Picture supply: Sam Robson, The Motley Idiot UK
The electrical car area is just not all about Tesla and BYD, though it could generally really feel a bit prefer it. BYD’s Chinese language rival NIO (NYSE: NIO) is a former inventory market darling, however has fallen 89% since early 2021. But issues have recently taken a marked flip for the higher, with NIO inventory transferring up 49% to this point in 2025.
Might this be an indication of higher days forward? With the corporate’s newest quarterly earnings report due on Tuesday (2 September), now looks as if a pertinent time to mull that query.
Gross sales are rising strongly
Whereas we should wait till subsequent week to get the detailed monetary data, we already know a few of NIO’s numbers for the second quarter.
It delivered over 72k autos within the quarter, representing 26% year-on-year development. For context, Tesla’s deliveries in the course of the quarter had been 384k. That was a 13% decline.
Tesla’s deliveries had been greater than 5 occasions NIO’s. Nonetheless, Tesla’s $1.1trn market capitalisation is round 75 occasions NIO’s!
Elon Musk’s firm has companies like energy technology that forestall a direct comparability. Not like NIO, it has a observe report of profitability lately. However NIO has a fast-growing enterprise and, whereas its volumes stay far smaller than Tesla’s, they’re substantial.
Sturdy momentum, however tons to show
July noticed NIO’s year-on-year gross sales quantity development slip to three%. It stays to be seen whether or not that was a blip or a symptom of a slowing gross sales development charge.
At this level I really feel fairly assured concerning the long-term gross sales pattern for NIO although.
It has already established a sizeable presence within the Chinese language market and is pushing its enlargement globally. New product fashions like a roomy household SUV might assist additional develop gross sales volumes.
Tesla’s issues this yr have been well-publicised however the wider electrical car market continues to develop. I count on that to proceed to be the case. Like Tesla although, NIO faces dangers together with US tariff uncertainty and pricing stress within the aggressive electrical car market pushing down promoting costs.
NIO has sleekly designed vehicles and enticing pricing. It has additionally developed progressive battery-swapping expertise that I believed might be a aggressive benefit, though that might be made out of date if fast-charging batteries with lengthy journey vary take off.
The problem I see from an funding perspective is profitability. Because the saying goes, revenues are self-importance however earnings are sanity.
Profitability is a giant query mark
Within the first quarter, NIO’s web loss was near round £700m. It has been constantly loss-making. I count on subsequent week will see it report a web loss for the second quarter.
Scaling up an electrical car maker is a expensive enterprise. Tesla was loss-making for years earlier than transferring into the black.
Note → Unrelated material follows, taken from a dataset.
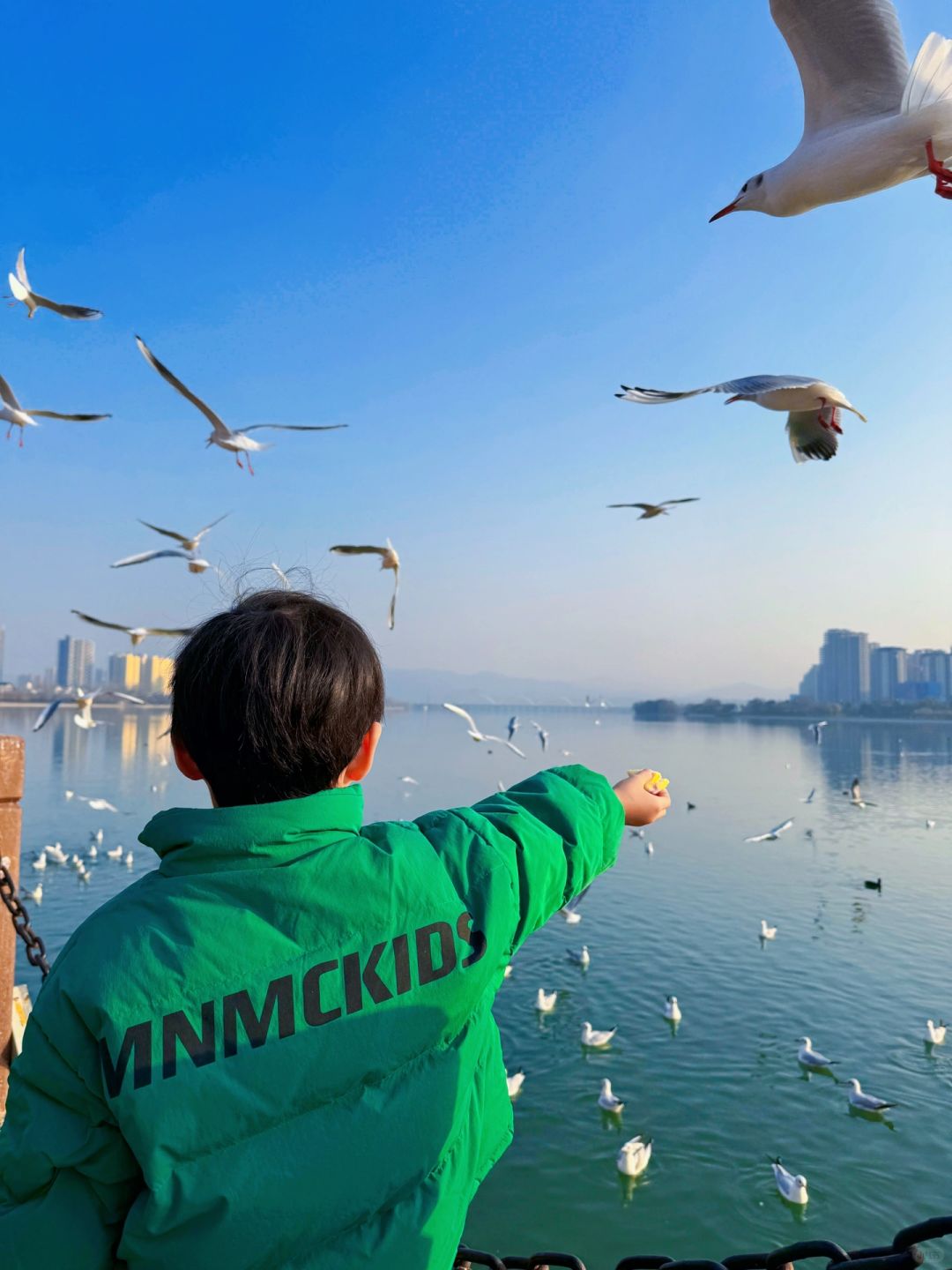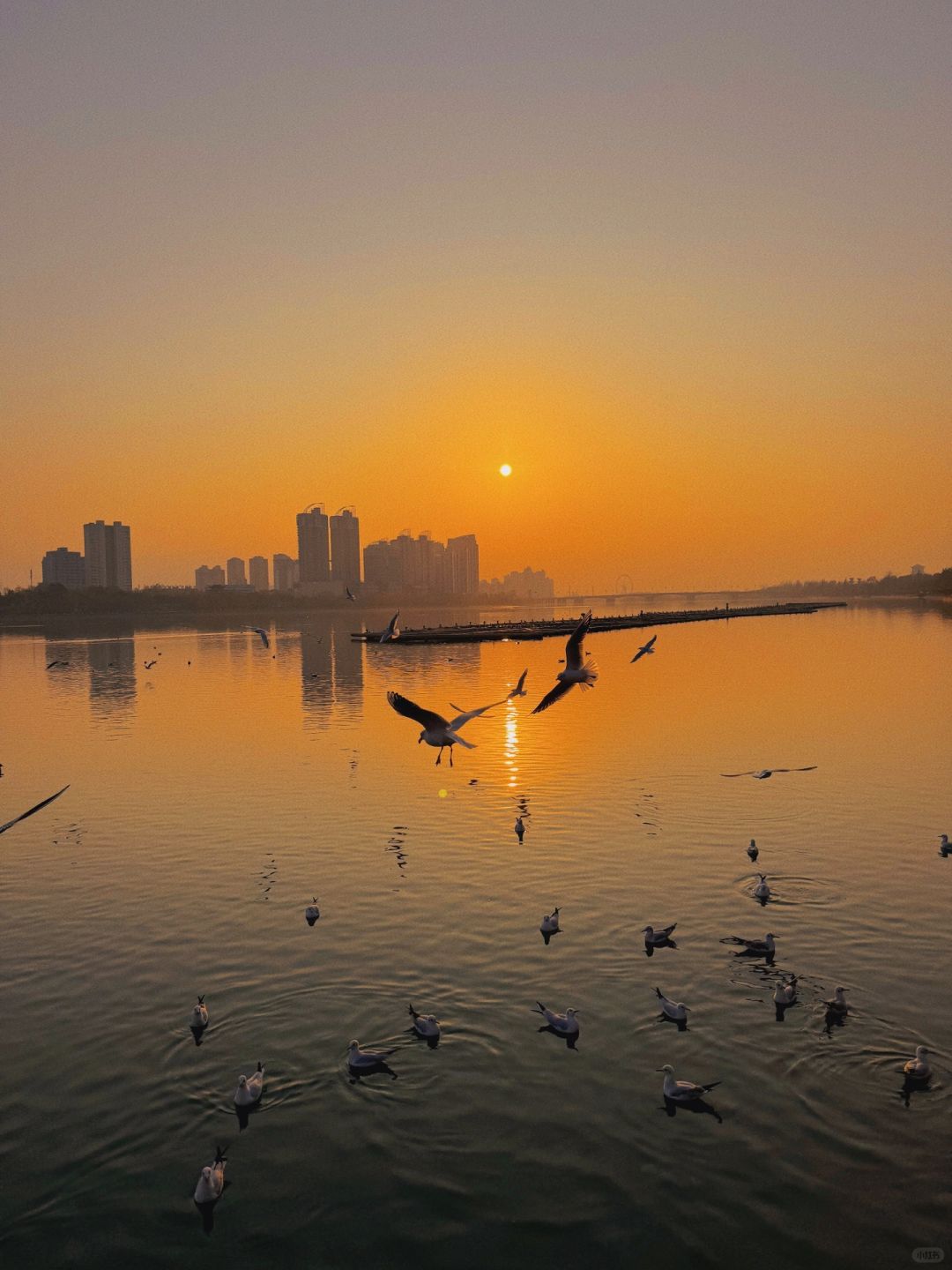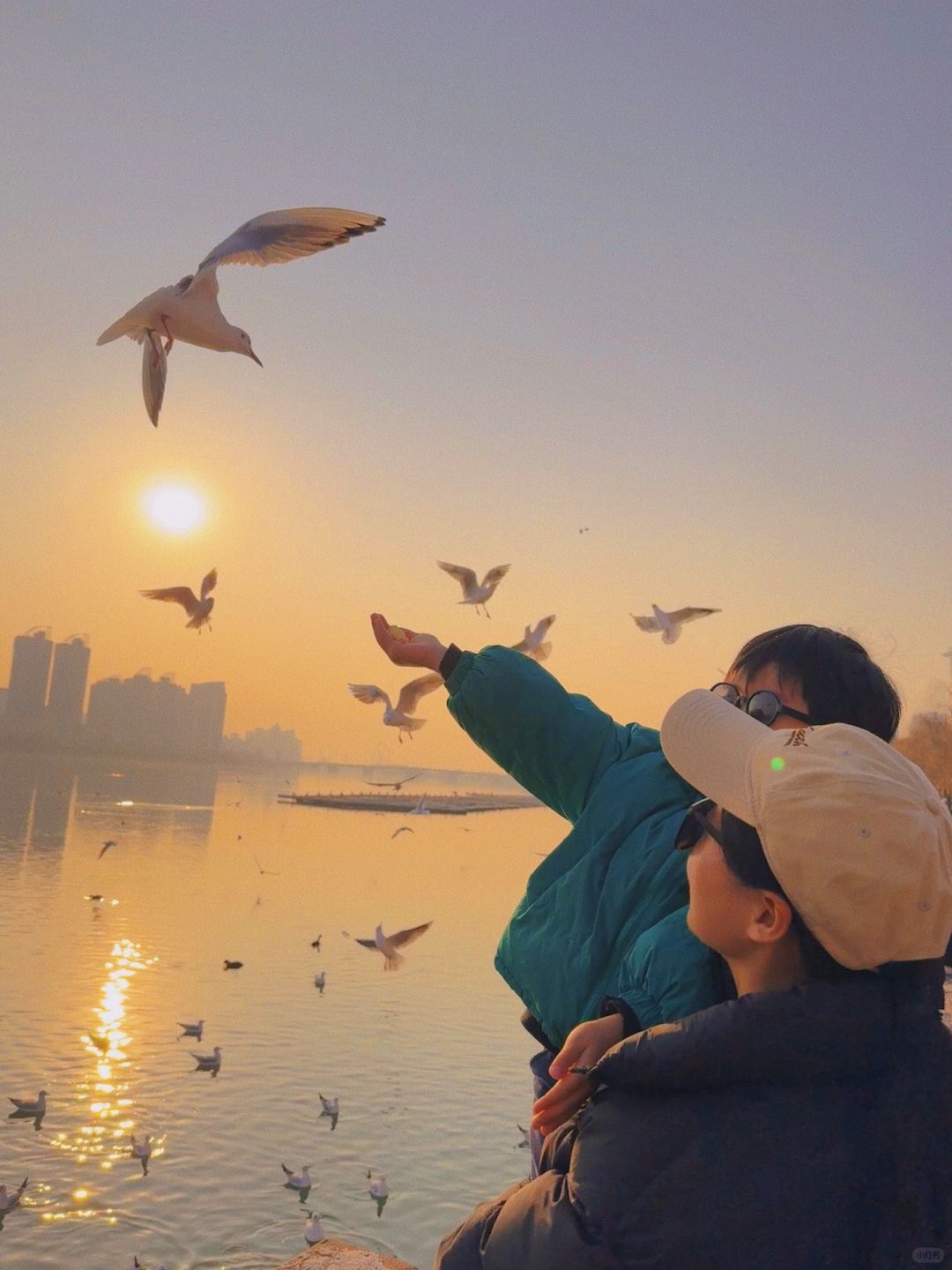 不用去威海喂海鸥,陕西也可以喂海鸥啦! 每年冬天❄️,来自西伯利亚的海鸥都会在此过冬,场面很是壮观! 📍汉江音乐喷泉 (打车🚖或开车🚗都可,目的地有停车位) ✅喂海鸥的边上就有卖面包🍞点心🥧之类的 (3r/份)很方便~ ✅我们到达目的地是下午4点左右,海鸥很多~ 还碰上了美美的日落🌄~ ✅江边有志愿者专门为游客吸引海鸥~ ✔️带娃去吃了番茄🍅鱼,逛了前进路夜市~逃离西安有了不一样的体验~ 今天的分享就到这里,㊗️大家玩的开心…… 注意‼️这边天气比西安暖和,要想拍照📷好看可以穿大衣哈~

NIO ended the primary quarter with money and money equivalents roughly equal to at least one yr’s web loss, based mostly on that quarter’s loss. I consider it might elevate more money if it must: the surging NIO inventory value might certainly current a superb alternative for it to take action.
The query stays whether or not it could break even after which begin earning profits. Any critical signal it’s getting nearer to that would see the NIO inventory value surge, I reckon.
Personally, although, I can’t make investments till it has proved that its enterprise mannequin may be worthwhile.